Data items
+ + + + +

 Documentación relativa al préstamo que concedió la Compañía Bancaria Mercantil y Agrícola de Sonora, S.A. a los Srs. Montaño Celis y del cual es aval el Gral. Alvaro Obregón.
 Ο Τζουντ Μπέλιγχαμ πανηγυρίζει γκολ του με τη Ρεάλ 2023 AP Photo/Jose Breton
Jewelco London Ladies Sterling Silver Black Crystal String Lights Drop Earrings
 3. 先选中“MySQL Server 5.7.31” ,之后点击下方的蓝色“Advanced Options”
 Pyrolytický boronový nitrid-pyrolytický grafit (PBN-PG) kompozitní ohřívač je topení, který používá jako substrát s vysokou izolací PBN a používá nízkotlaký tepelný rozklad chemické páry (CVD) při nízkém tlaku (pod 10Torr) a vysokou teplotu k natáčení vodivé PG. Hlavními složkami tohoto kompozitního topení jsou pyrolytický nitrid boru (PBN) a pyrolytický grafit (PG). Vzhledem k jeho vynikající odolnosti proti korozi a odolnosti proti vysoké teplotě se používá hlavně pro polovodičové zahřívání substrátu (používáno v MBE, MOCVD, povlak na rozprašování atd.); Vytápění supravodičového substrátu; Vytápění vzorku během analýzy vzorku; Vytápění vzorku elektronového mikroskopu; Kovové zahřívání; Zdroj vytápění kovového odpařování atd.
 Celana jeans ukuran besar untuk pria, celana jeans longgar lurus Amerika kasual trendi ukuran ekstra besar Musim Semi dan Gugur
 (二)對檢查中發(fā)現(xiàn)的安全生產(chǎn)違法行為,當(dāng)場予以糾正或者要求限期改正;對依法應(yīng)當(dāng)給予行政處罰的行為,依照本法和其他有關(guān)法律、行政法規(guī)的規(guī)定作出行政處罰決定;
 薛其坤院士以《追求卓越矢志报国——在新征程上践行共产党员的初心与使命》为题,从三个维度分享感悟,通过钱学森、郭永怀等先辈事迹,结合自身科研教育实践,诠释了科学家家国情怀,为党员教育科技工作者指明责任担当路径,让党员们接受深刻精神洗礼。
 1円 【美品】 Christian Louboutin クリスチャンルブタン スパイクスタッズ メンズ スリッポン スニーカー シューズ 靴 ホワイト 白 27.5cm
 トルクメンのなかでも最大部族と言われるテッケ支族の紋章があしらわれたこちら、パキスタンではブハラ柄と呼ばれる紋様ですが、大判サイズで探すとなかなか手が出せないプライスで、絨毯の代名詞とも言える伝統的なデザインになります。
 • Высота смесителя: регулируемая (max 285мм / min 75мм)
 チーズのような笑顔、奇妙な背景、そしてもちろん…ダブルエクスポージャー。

+ + + + +

What needs to be done :: Set down, exactly and only, the lines running from the one holding "薛其坤院士以《追求卓越矢志报" through the end of the records above, both ends included.

Answer space ::
 薛其坤院士以《追求卓越矢志报国——在新征程上践行共产党员的初心与使命》为题,从三个维度分享感悟,通过钱学森、郭永怀等先辈事迹,结合自身科研教育实践,诠释了科学家家国情怀,为党员教育科技工作者指明责任担当路径,让党员们接受深刻精神洗礼。
 1円 【美品】 Christian Louboutin クリスチャンルブタン スパイクスタッズ メンズ スリッポン スニーカー シューズ 靴 ホワイト 白 27.5cm
 トルクメンのなかでも最大部族と言われるテッケ支族の紋章があしらわれたこちら、パキスタンではブハラ柄と呼ばれる紋様ですが、大判サイズで探すとなかなか手が出せないプライスで、絨毯の代名詞とも言える伝統的なデザインになります。
 • Высота смесителя: регулируемая (max 285мм / min 75мм)
 チーズのような笑顔、奇妙な背景、そしてもちろん…ダブルエクスポージャー。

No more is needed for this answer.